A surge of heat burst from her veins.
Time cracked.
The arrow in Lazaro's vision jumped.
Teleported. Hit.
Right in the chest.
Lazaro flew.
The world became motion again. Glaciers shattered beneath his back.
His coat split down the middle. Blood trailed like a comet tail.
He hit the ice.
Hard.
Then rolled onto one knee, coughing.
Across the battlefield, the archer no longer moved like a soldier.
She moved like a creature that had tasted godhood and demanded seconds.
She was glowing. A second syringe was already in her hand.
Lazaro chuckled.
"So you do talk. Just in pharmacology."
She dashed again. Faster than before. A blur.
He triggered a localized gravity field mid-dodge.
She blinked out of it, midair.
Another shot.
He deflected with a timed pull on time drag, but it clipped his shoulder anyway.

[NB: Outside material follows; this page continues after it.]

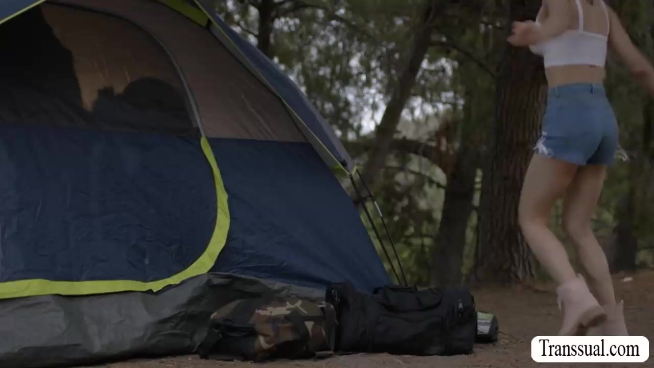 Horny babe toys her wet pussy in the tent a stranger guy puts his dick on the hole of the tent.After that,horny babe sucks it and then her shemale friend arrives and they start fucking their wet pussies and asses in threesome way.

Then a dozen more arrows filled the sky.
He muttered, "Alright, no more jokes."
He dropped both hands.
The battlefield collapsed.
Not visually. Not physically.
But spiritually.
The weight increased. Pressure mounted.
The snow began to weep, the ice turned black with gravitational residue.
Lazaro rose fully. His coat now hung like a priest's robe at the altar of collapse.
The archer staggered.
One knee dropped. Her veins glowing too brightly.
She rose again.
Third syringe.
Injected.
Her scream sounded less human this time.
Her body shimmered, twitched, cracked in places. The drug was working.
And killing her.
Lazaro didn’t wait.
He launched forward. Not running.
Falling toward her with gravitational bursts guiding his steps.
She fired point blank.
He twisted—barely missed.
Lazaro grabbed her by the throat.
But she was ready. Blade drawn from her quiver's back, stabbed upward.
Straight through his hand.
He didn’t flinch. Just smirked. "Not bad."
Then lifted her by the throat anyway.
"You’ll break," he said. "Long before I do."
But then the sky howled.
An unnatural shriek.
A siren mixed with a funeral bell. A pressure that made even Lazaro look up.
Reinforcements.
Hundreds.
Dozens of them shot through the clouds, descending like falling stars.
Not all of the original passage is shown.